Auch die Entscheidung hinsichtlich der jüdischen Opfer ist unglücklich. Es ist sicher unangemessen, ihrer mit potentiellen Tätern gemeinsam zu gedenken, sodass der Unterschied zwischen Tätern und Opfern eingeebnet wird. Vor die Entscheidung gestellt, hier der Burgwedler Angehörigen von NS Organisationen oder Burgwedler jüdischer Bürger zu gedenken, entscheidet sich Großburgwedel gegen seine Juden. Es wäre wünschenswert gewesen, hier das Gespräch mit dem Landesverband der Jüdischen Gemeinden fortzusetzen, um zu einer befriedigenden Lösung zu gelangen.

Kein Verständnis besteht weiterhin für das Bestreben, eine Person in das Gedenken aufzunehmen, die Mitglied des SD war. Der SD als Institution wurde von den Alliierten in Nürnberg zur „verbrecherischen Organisation" erklärt, er war nicht nur für die gnadenlose Verfolgung politischer Gegner, sondern federführend für Planung, Organisation und Durchführung des Holocaust verantwortlich. Die SD Mitgliedschaft der betreffenden Person geht sowohl aus der Kirchenchronik der St. Petri Gemeinde, als auch aus der Burgwedler „Stoll-Chronik“ hervor (dort bezeichnet als SSD = Staatssicherheitsdienst). Diese Organisation verstand sich als Elite der NS-Organisationen und war stolz darauf, nur aus „gefestigten“ Nationalsozialisten zu bestehen, die nicht davor zurückschreckten, selbst die mörderischen Konsequenzen aus ihrer verbrecherischen Ideologie zu ziehen. Ein Mitglied dieser Organisation als Opfer nationalsozialistischer Gewalt zu bezeichnen, grenzt an Hohn gegenüber den tatsächlichen Opern!

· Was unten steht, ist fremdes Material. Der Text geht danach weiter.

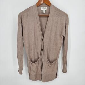 Rachel Zoe Beige 100% Linen Knit Button Front Cardigan Sweater Quiet Luxury Preppy Office Closet Staple
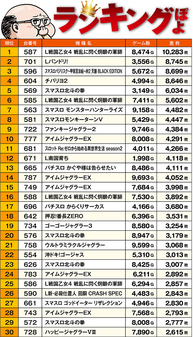 トータル差枚ランキング…ぽよ!

Auch die Weigerung, die beiden in Burgwedel umgekommenen britischen Piloten in das Gedenken aufzunehmen, ist traurig. Gedenken an die Opfer der nationalsozialistischen Gewalt sollte immer auch den zukunftsgewandten Aspekt der Versöhnung haben. Die Möglichkeit einer entsprechenden Geste gegenüber den Opfern der damaligen Gegner und späteren Befreier wird hier vertan.